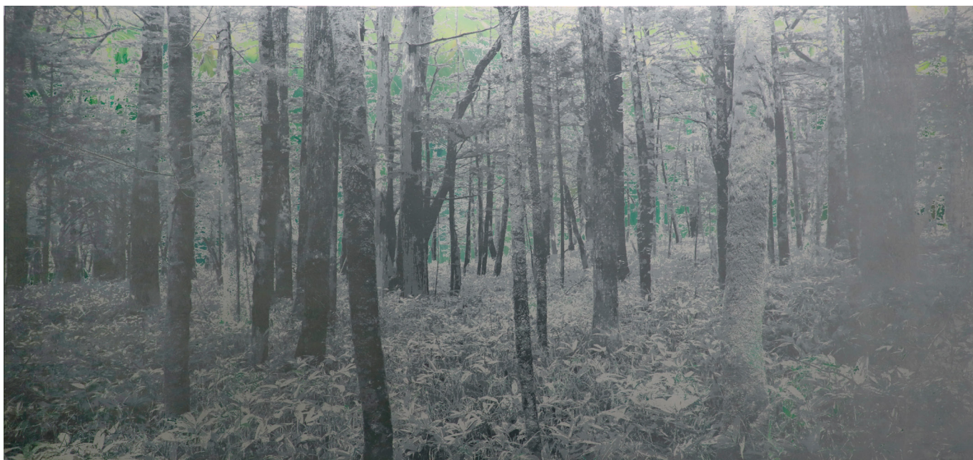
Mirage #103 | 2024

Cotton on panel, acrylic, silver foil, aluminum foil 43 1/4 x 90 1/2 x 2 3/8 in 110 x 230 x 6 cm
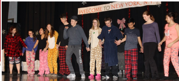
Gr. 9—Home Alone 2
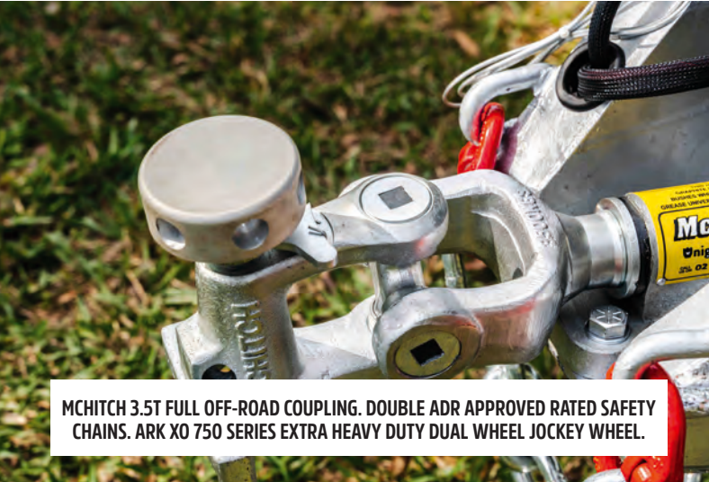
MCHITCH 3.5T FULL OFF-ROAD COUPLING. DOUBLE ADR APPROVED RATED SAFETY CHAINS. ARK XO 750 SERIES EXTRA HEAVY DUTY DUAL WHEEL JOCKEY WHEEL.
____
### TASK DESCRIPTION
Give the listing above again word for word, without its pictures.

### RESPONSE AREA
Mirage #103 | 2024

Cotton on panel, acrylic, silver foil, aluminum foil 43 1/4 x 90 1/2 x 2 3/8 in 110 x 230 x 6 cm
Gr. 9—Home Alone 2
MCHITCH 3.5T FULL OFF-ROAD COUPLING. DOUBLE ADR APPROVED RATED SAFETY CHAINS. ARK XO 750 SERIES EXTRA HEAVY DUTY DUAL WHEEL JOCKEY WHEEL.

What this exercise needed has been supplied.